Since March 31, 2022, a whopping 14 million square feet of cultivation canopy has abandoned their licenses and not renewed. Just in the last ten days, 400,000 square feet has left the market.
What is remarkable is that the bounce in prices is still not enough for most producers. One Northern California producer that I heard from still plans to cut cultivation in half and lay people off, because the pricing is just approaching his breakeven. In other words, supply is still being taken out of the market. (Note that farmers planting less but keeping their licenses is not reflected in the license non-renewals, that means that production is falling even faster). I expect even more farms to not renew and more farmers to walk away.
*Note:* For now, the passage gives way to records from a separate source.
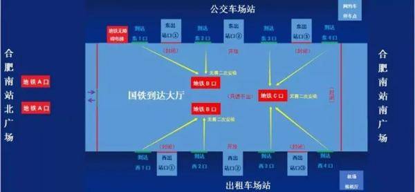 乘客在合肥南站北广场需乘坐地铁,可从A口通过楼扶梯进入地铁站,进站后需要进行二次安检。如下图黄色箭头所示: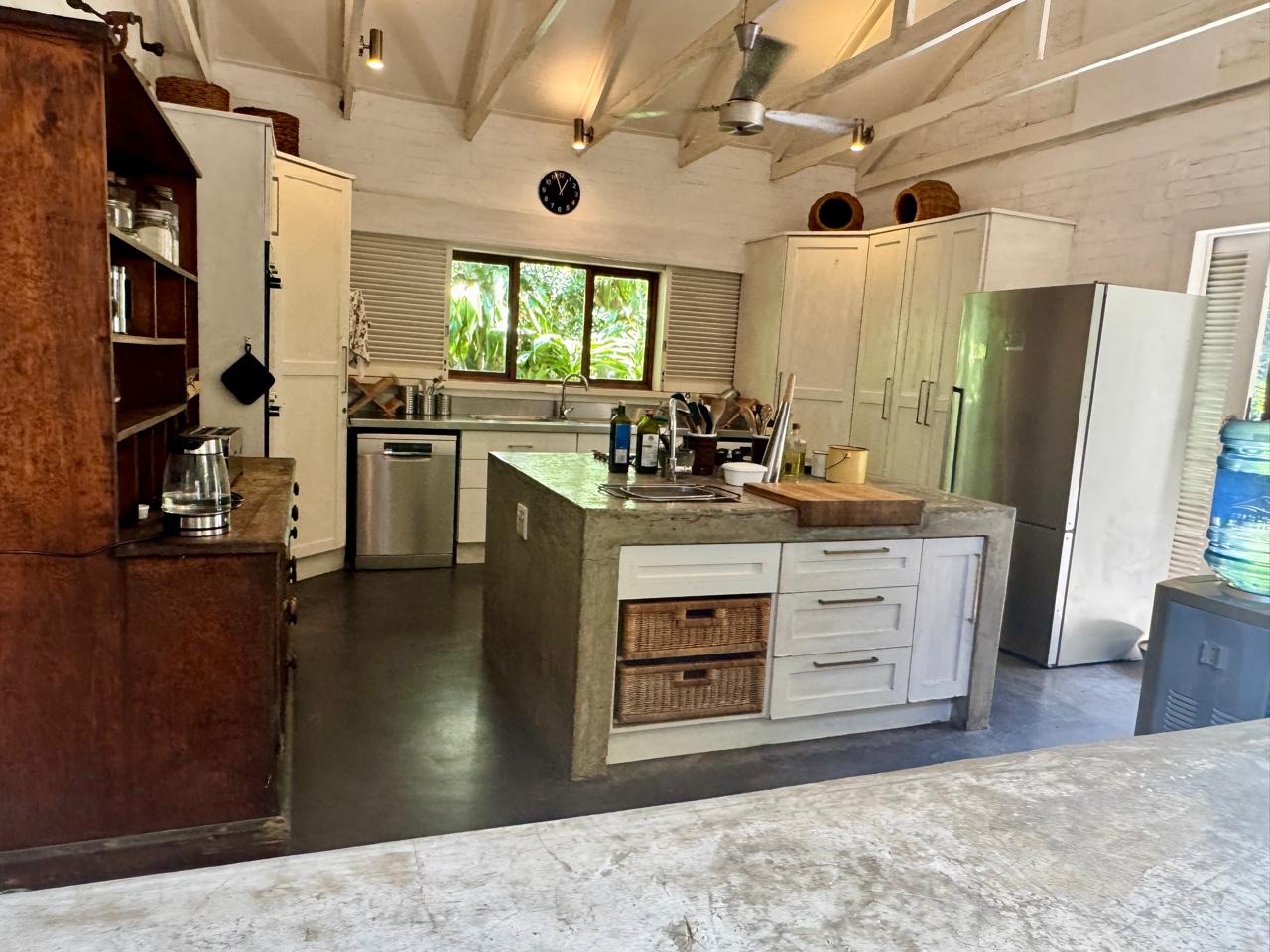 The kitchen is designed for easy, understated entertaining. Contemporary concrete countertops and fully opening shutters allow it to flow directly into the adjacent courtyard, this is an entertainers dream.
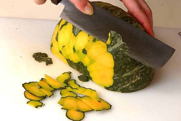 カボチャは種とワタを取り、所々皮をそぎ落として、大きめのひとくち大に切る。水に放ち、ぬれたままラップでふんわり包んで、電子レンジで5~6分加熱する。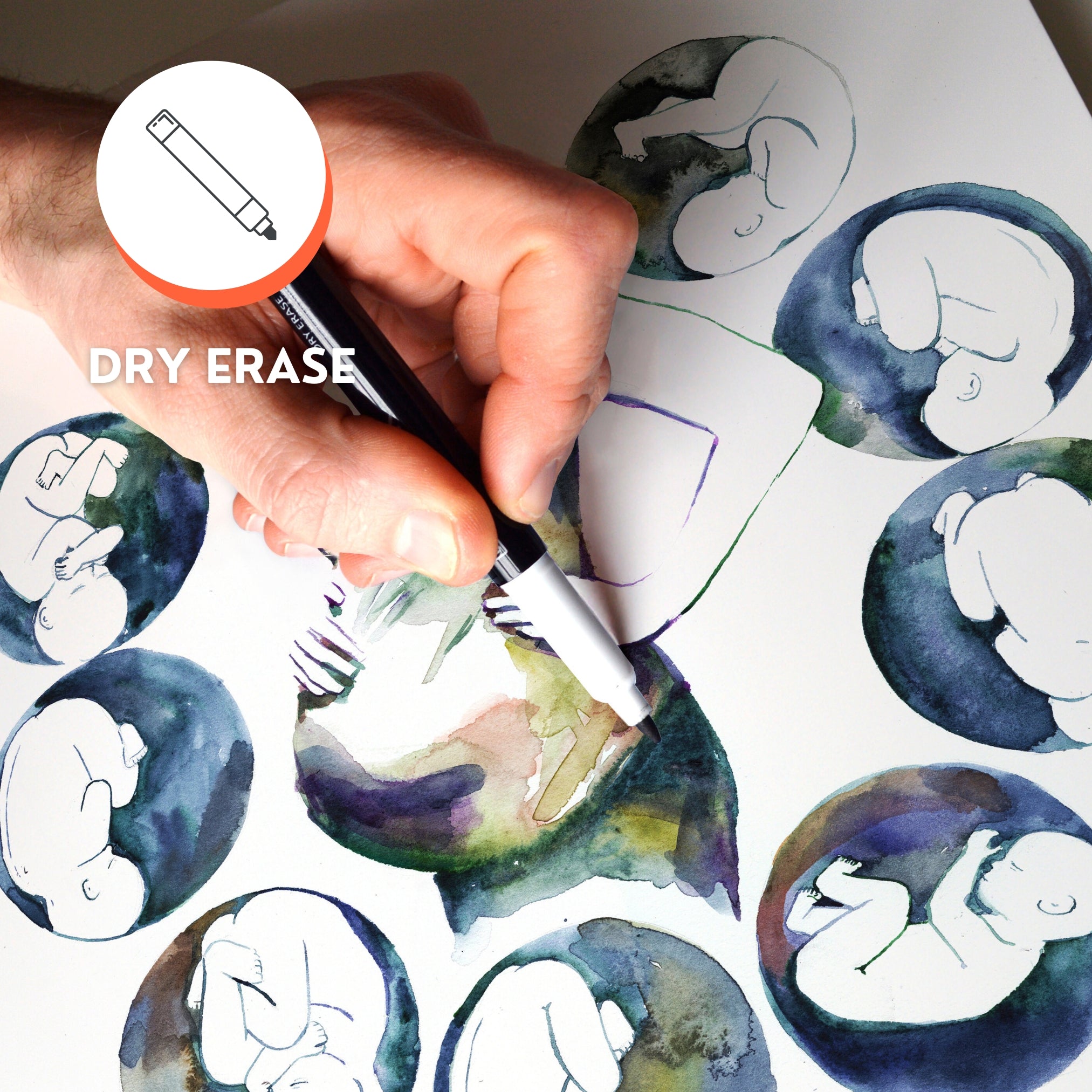 Use a dry-erase marker to write and draw on any Anato-Panel! Wipe off or erase when you are done to keep your artwork clean and ready for your next patient.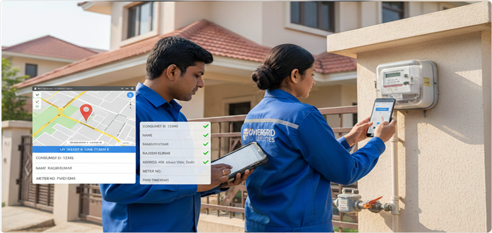 Field teams verify consumer identity, meter condition, connection status, and actual usage patterns at the premise.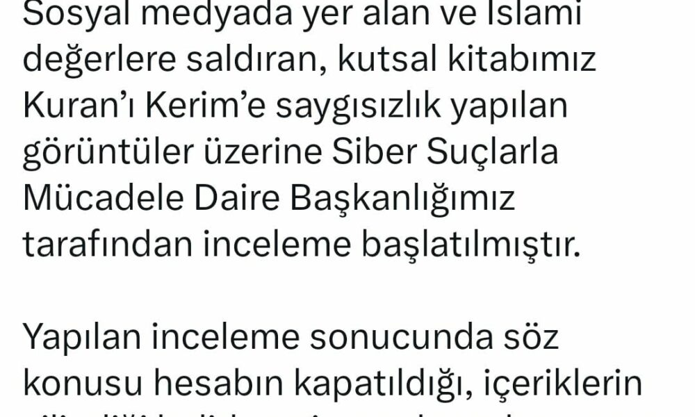 İçişleri Bakanı Ali Bakan Yerlikaya, sosyal medya hesabından yaptığı açıklamada, sosyal medyada yer alan, İslami değerlere saldıran ve Kuran-ı Kerime saygısızlık yapılan görüntüler üzerine Siber Suçlarla Mücadele Daire Başkanlığı tarafından inceleme başlatıldığını belirtti. Yapılan inceleme sonucunda söz konusu hesabın kapatıldığı ve içeriklerin silindiğinin belirlendiğini aktaran Yerlikaya, “Paylaşımları yapan şahsın 23 yaşındaki M.Ç. olduğu tespit edilmiştir. Şahıs, Adana Seyhanda yakalanarak gözaltına alınmıştır. Şahısla ilgili Cumhuriyet Savcılığımızca Halkı kin ve düşmanlığa tahrik veya aşağılama suçundan tahkikat başlatılmıştır. Yüce kitabımız Kuran-ı Kerime yönelik hakaret içerikli paylaşımları lanetliyorum. Milli ve manevi değerlerimizi aşağılamaya çalışan, nefret söylemleriyle halkımızı kin ve düşmanlığa tahrik edenler yüce Türk adaleti önünde hesap verecektir” dedi.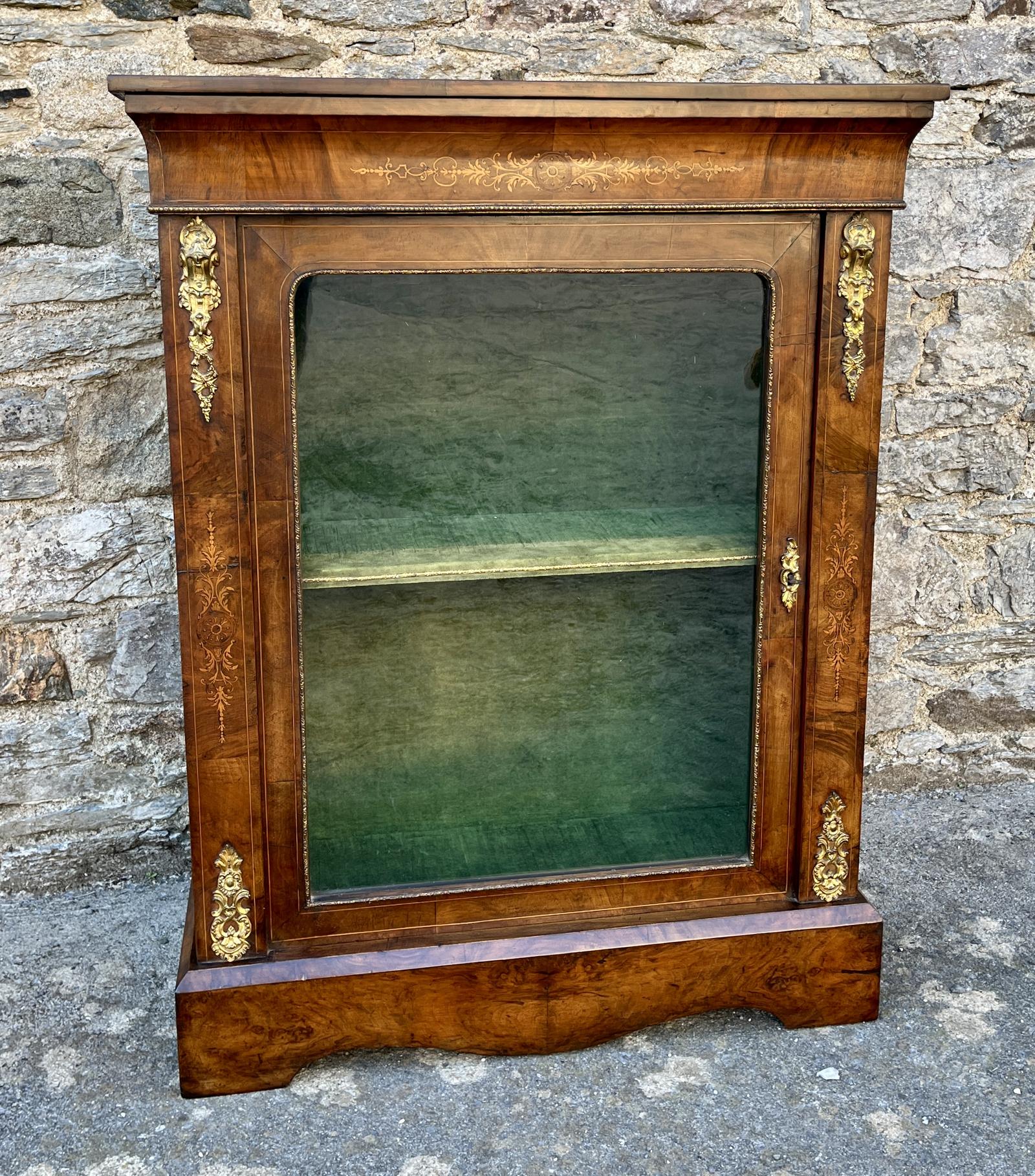 A superb Victorian walnut pier cabinet of small proportions, dating from the mid to late 19th Century. It is excellent quality with pretty ormolu mounts and inlaid decoration. The glazed door opens to a shelved interior lined with the original green velvet and ormolu beading across the front of the shelf.

Based upon my conversations, I estimate that California cannabis pricing needs to rebound at least another 50% to get back to where more farms can make money.
Further exacerbating the supply crunch is that last year many outdoor producers froze their flower called “flash frozen” flower which is then sold as an input to distillates, vapes, edibles and other consumables. This means even less fresh flower is available in inventory than normal.
And this is leading to very low levels of inventory. From one of my best sources, I heard that Humboldt County, one of the largest outdoor producing regions of California, has sold through 70% of their inventory and is now asking for $50-$100 price increases where two weeks ago there was no change in pricing.
Finally, all those farms that have gone offline and have not renewed are not coming back online any time soon. That is because California changed its rules last year and now license holders must be fully compliant with one of the most brutal state laws in the country: CEQA (California Environmental Quality Act). It used to be that there was a lot of leeway and time allowed to comply with this cumbersome, complicated, expensive regulation. Now license holders must be compliant on day 1.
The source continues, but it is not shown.